Friday, February 29, 2008

Nearly two years ago, I made a prediction that Atom would replace WebDAV. At the time I was even working on revising WebDAV and just beginning my involvement with Atom standardization. I told this prediction to Cullen Jennings and documented it in a note dated 5/9/06. "Replace" is a fuzzy term, because they're not equivalents, but here's what I see today.
  • Google turns Atom, RSS and AtomPub into GData and uses that for blogs, calendars and task lists for starters. Google does not use WebDAV as far as I know.
  • Microsoft is unifying its developer platform protocols on Atom and AtomPub, and using those protocols for unstructured application storage, e.g. photo albums to blogs. (h/t James Snell. Hey, I used to work with David Treadwell, haven't talked to him in years.) WebDAV support in projects like Exchange is downplayed.
  • IBM has a bunch of projects using Atom but it has a bunch of projects period and I haven't seen strategy announcements about either standard.
  • Apple uses Atom and RSS in quite a few applications, although it's also using WebDAV and CalDAV on .mac and in its calendar server.
  • Blog service sites are ubiquitous and all use Atom or at least RSS. File sharing sites or other WebDAV public services are rare.
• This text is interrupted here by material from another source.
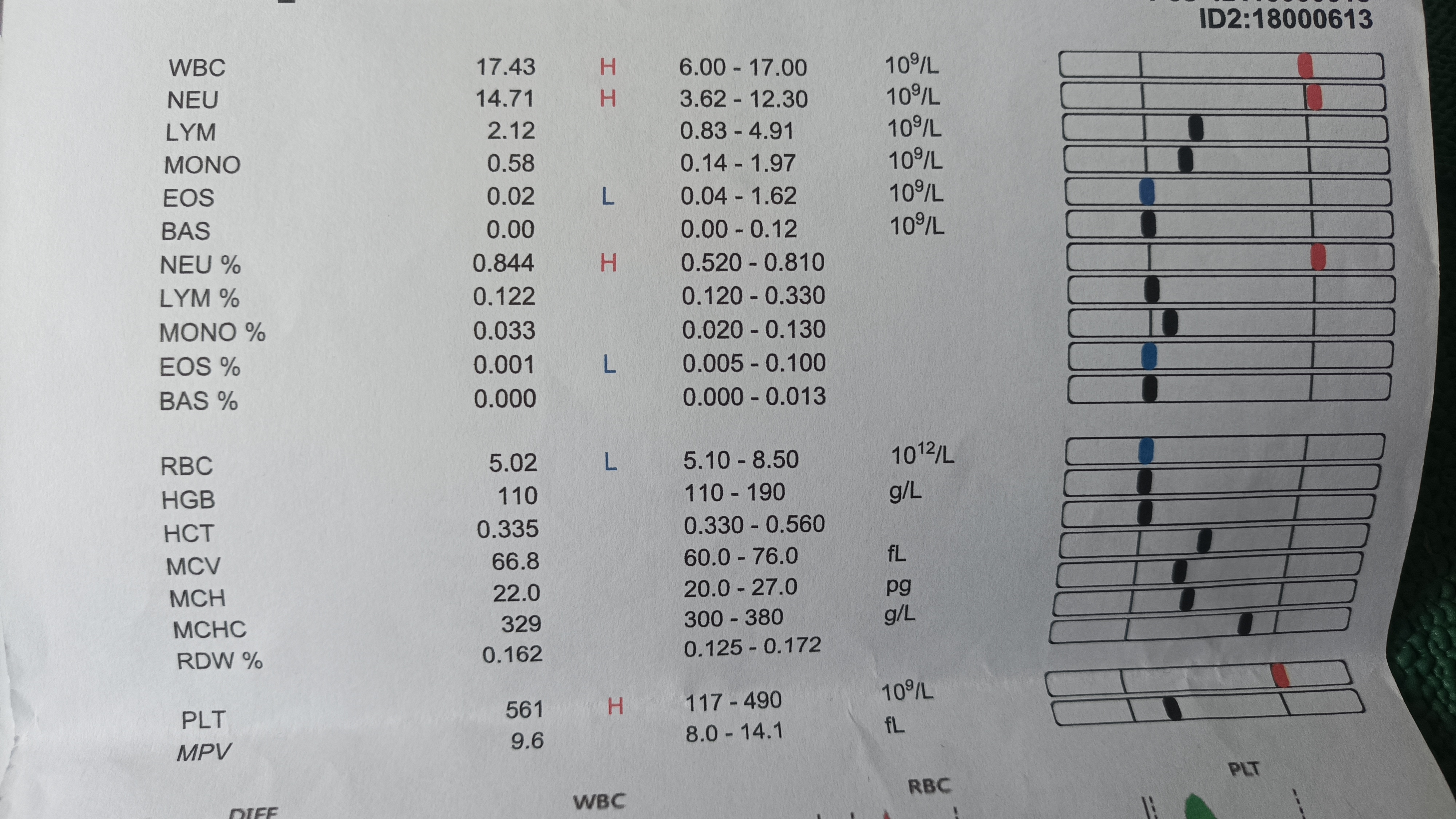 Dobrý den. V hematolog.rozboru je mírně zvýšený počet bílých krvinek, především neutrofilu a mírně snížený počet červených krvinek., mírně zvýšený počet krevních destiček.Muze se jednat o zanetlivy proces.S pozdravem MVDr Jančík.

Photo sharing sites are more likely to use Atom than WebDAV by a long shot.
Were I to propose CalDAV today it would probably be CalAtom -- some things would be easier, some harder, but it would catch a wave instead of drifting in the tail of something that was never much of a popular wave. Oh well, we needed something then, and WebDAV gave the most leverage at the time.
The Django stuff was going so well, I switched over to learning R a couple days ago just to depress myself. It's tricky to get into. The documentation is very scattered (kudos to those who are improving it at the wiki but that's a work in progress). I haven't yet found a way to get documentation for arbitrary libaries. The cute name 'R' makes it very hard to Google for R libraries. E.g. I haven't yet found a core graph or a library function that creates horizontal bar graphs (though maybe somebody will tell me to do vertical bar graphs with all the labels turned, then turn the whole image).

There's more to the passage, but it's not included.